Re: What is the best backup method, using RMAN, for backing up the physical and standby database?
Date: Thu, 31 Jan 2008 10:52:00 -0800 (PST)
On Jan 31, 3:59 am, Steve Howard <stevedhow..._at_gmail.com> wrote:
> On Jan 30, 9:24 pm, DG problem <skatef..._at_gmail.com> wrote:
> > 22.214.171.124 on HP-UX.
> > Primary DB on HOST1 (150Gb in size) and physical standby DB on HOST2.
> > Both hosts have their own tape library backup unit.
> > A low bandwidth link connects both hosts. Both hosts are in different
> > states.
> > It is important to keep backups of both databases on their respective
> > tape library.
> > Backups should go to disk first and then be backed up to tape.
> > What would be the best backup method?
> Out of curiosity, why would you back it up in both places?
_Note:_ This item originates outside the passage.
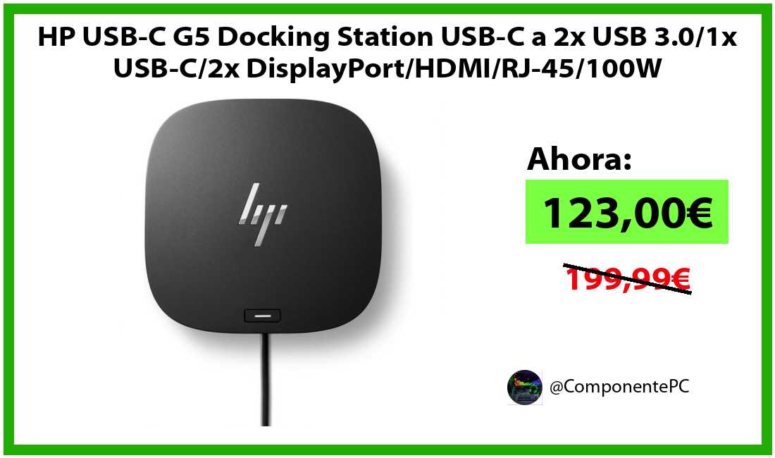 🔹HP USB-C G5 Docking Station USB-C a 2x USB 3.0/1x USB-C/2x DisplayPort/HDMI/RJ-45/100W solo 123,00€❗️⚡️(PVP: 199,99€)

We have
> several physical standby databases and backup just the standby, as it
> is a block for block copy of the primary.
> Our storage is robust (EMC DMX), so we made the decision to just
> failover to the primary if we have a media failure (which are *very*
> rare for us, given redundant storage, controllers, switches, etc.),
> and rebuild the primary once the media failure has been repaired.
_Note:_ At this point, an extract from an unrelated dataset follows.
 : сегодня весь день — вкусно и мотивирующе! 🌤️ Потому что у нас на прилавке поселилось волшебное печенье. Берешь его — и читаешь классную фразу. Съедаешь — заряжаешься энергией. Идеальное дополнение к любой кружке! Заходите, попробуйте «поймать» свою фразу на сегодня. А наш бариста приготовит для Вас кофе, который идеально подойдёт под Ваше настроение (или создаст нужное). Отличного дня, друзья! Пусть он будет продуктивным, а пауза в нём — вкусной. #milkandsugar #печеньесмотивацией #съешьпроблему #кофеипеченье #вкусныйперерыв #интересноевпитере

> That eliminated the need for duplicate backup media, and offloaded the
> RMAN backup CPU cycles to the standby node.
> I'm assuming the low bandwidth connection makes direct transfer a pain
> in the rear? How did you build the standby originally (timing,
> logistic issues, etc.)? If that was acceptable, rebuilding the
> primary from a backup of the new primary after failover should be
> feasible, and then switch back over to it at an agreed upon time.
> If you ever have complete catastrophe, the backups of the standby can
> be used to rebuild it in either physical location (block for block
> copy of either database).
Not disagreeing with Steve, for Steve's kind of situation.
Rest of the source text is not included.